- [ACTIVITY]:
Could you print, exactly and without pictures, only the lines from the one with "- Add a touch" through the end of the records below?

□ □ □

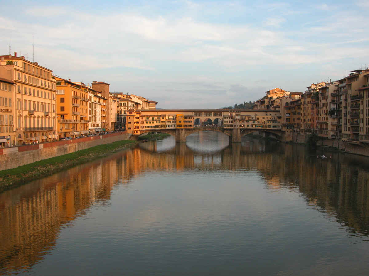 la façade occidentale du Ponte Vecchio (Neri di Fioravante 1345) au soleil couchant
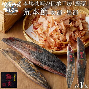 裸本真空節 女節・男節セット 鹿児島県枕崎市の老舗鰹節屋「的場水産」。職人によって一本一本丹精こめて作られるかつお節。製造過程で、焙乾(ばいかん)までの工程の鰹節を「荒本節」と言い、その表面を削ったものを「裸本節」と言いま
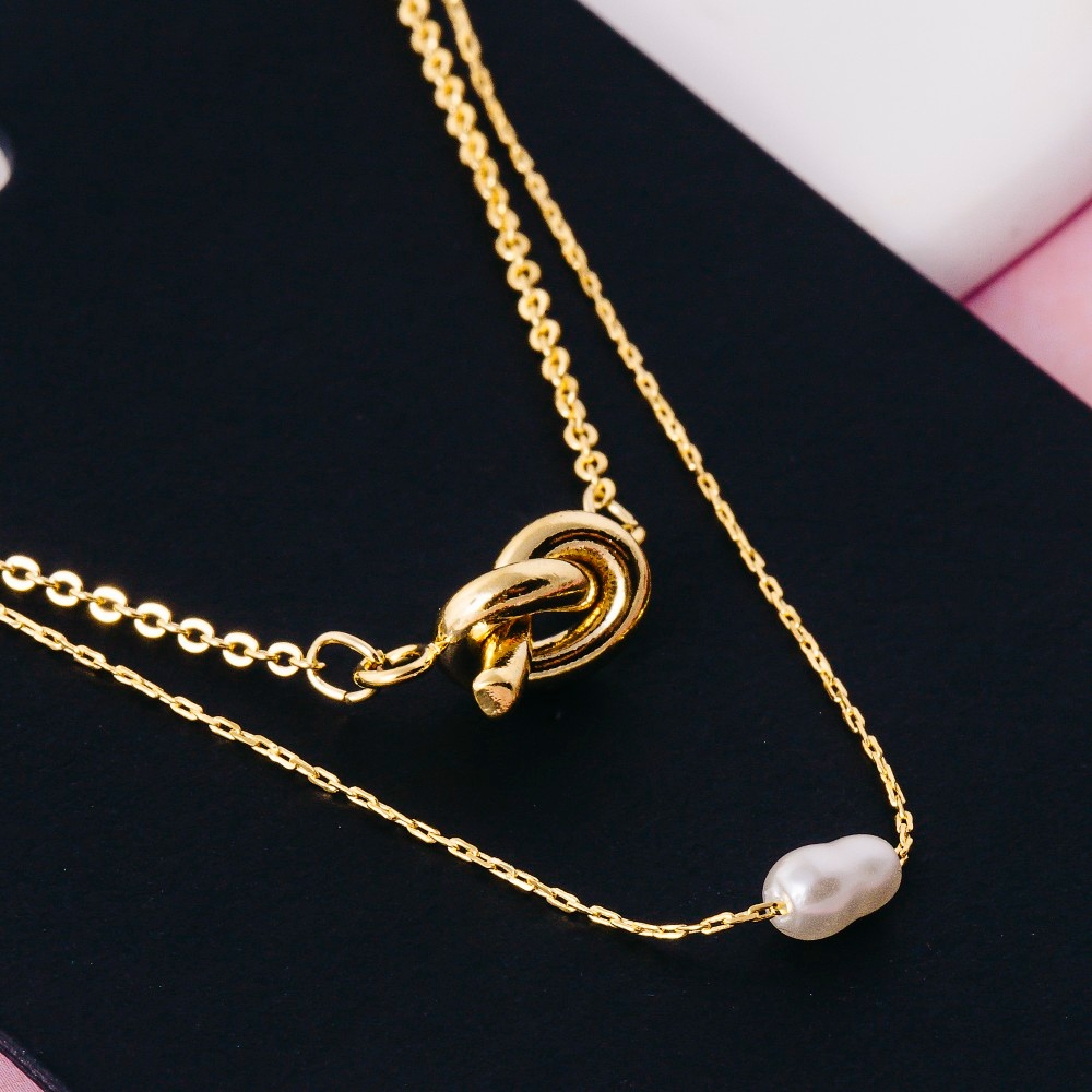 - Add a touch of elegance and glamour to your look, this pendant necklace adds a distinctive layered chain knot and pearl design. Upgrade your fashion game with this versatile pendant necklace, a timeless addition that complements any outfit seamlessly. Available in G. This item is sold in packs of 1.
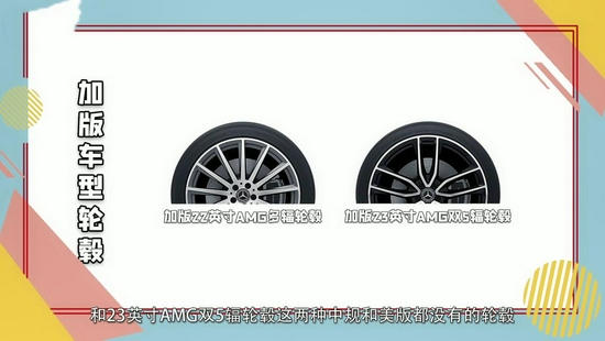 也就是说,除了选装了运动包的加版车型(外观上与中规豪华型一致,只多了黄色反光片),其他版本都能通过轮毂和AMG外观运动组件来判断车型的国家版本。
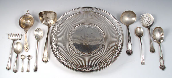 ESTATE COLLECTION OF STERLING PIECES: 12 pieces to include International silver reticulated footed tray, monogrammed, 9 3/8'' dia., other assorted serving and flatware pieces from Gorham, Whiting and other companies. Some monogrammed. Approx 15.3 troy oz.

□ □ □

- [EXERCISE OUTPUT]:
 - Add a touch of elegance and glamour to your look, this pendant necklace adds a distinctive layered chain knot and pearl design. Upgrade your fashion game with this versatile pendant necklace, a timeless addition that complements any outfit seamlessly. Available in G. This item is sold in packs of 1.
 也就是说,除了选装了运动包的加版车型(外观上与中规豪华型一致,只多了黄色反光片),其他版本都能通过轮毂和AMG外观运动组件来判断车型的国家版本。
 ESTATE COLLECTION OF STERLING PIECES: 12 pieces to include International silver reticulated footed tray, monogrammed, 9 3/8'' dia., other assorted serving and flatware pieces from Gorham, Whiting and other companies. Some monogrammed. Approx 15.3 troy oz.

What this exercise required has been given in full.